How can you help with that? Here are some suggestions based on my "Science of Happiness" class and other readings:
- Pause to consider all the cooperation that you are grateful for in our village -- times you have been helped; times we've worked together to help others; groups and activities you've enjoyed. Consider, in particular, the help given to the village by people who do not share your views on the solar park. This might mean consideration of the farmer's helping with the Great Crane and archeology projects; providing generous use of buildings and land for village and church events; and trying to improve the land for wildlife. Or this might mean consideration of many villagers' work in the many cooperative projects I've mentioned above. Count those blessings; express your gratitude.
- Consider the common values we share. I'll bet we all moved here for pretty much the same reasons. We love the place -- the peace, the rural character, the birds, the views, the agricultural contribution of the active farms, the walks, the fresh air, and the neighborhood full of trust, cooperation, and goodwill.
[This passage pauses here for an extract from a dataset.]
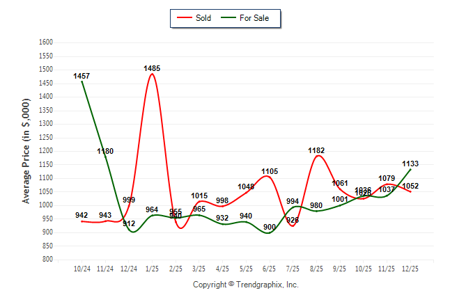 December 2025 Average For Sale Price was Appreciating and Average Sold Price was Neutral**

- Strive to see things from other points of view. Put yourself in the place of the farmer, worried about depletion of the soil, unpredictable prices for milk, and numerous uncontrollable forces, including animal diseases, legal liability for people on his land, and the weather. Put yourself in the place of the resident whose greatest treasure is the view out her window -- a view that could encompass thousands of large solar panels.
- Disagree respectfully. Treasure your neighbor. Try to be as kind and generous as possible, even if you don't share his viewpoint. Don't intimidate or shout him down.
- Don't exaggerate or misrepresent in making your case, and trust the folks on the other side to do the same. There is a strong case to be made for either side and economies of the truth are both unnecessary and likely to be remembered for a long time. Calmly accept that there really are people who don't think the views will be so awful and who do believe solar energy is more eco-friendly than fracking or nuclear power plants. There really will be sheep grazing between the solar panels. There really are people whose views and deeply-held sense of the sacred, historic site will be spoiled by the large solar installation. There are honest people who have good reason to distrust energy companies.
- Do not make threats of mischief, sabotage, or withdrawal of cooperation if you don't get what you want. Whether you do or don't carry out your threats, people will remember them and it will be much harder--if not impossible--to rebuild trust. No one wants to live in a village fearing they will be the next targets of malice.
- If you can see both sides -- or grounds for compromise -- or if you are somewhere on the fence, reach out to people to start laying the groundwork for reconciliation when this is over.
- Realize this psychological truth: in a year's time, the outcome of not getting your way will not be as bad as you now fear, and the benefits of getting your way will not be as great as you now expect. This is a psychological truth, and it holds for people on all sides of this issue, however it ends up. The only thing that could block you from enjoying that happy truth is tenacious lack of goodwill for the village and your neighbors.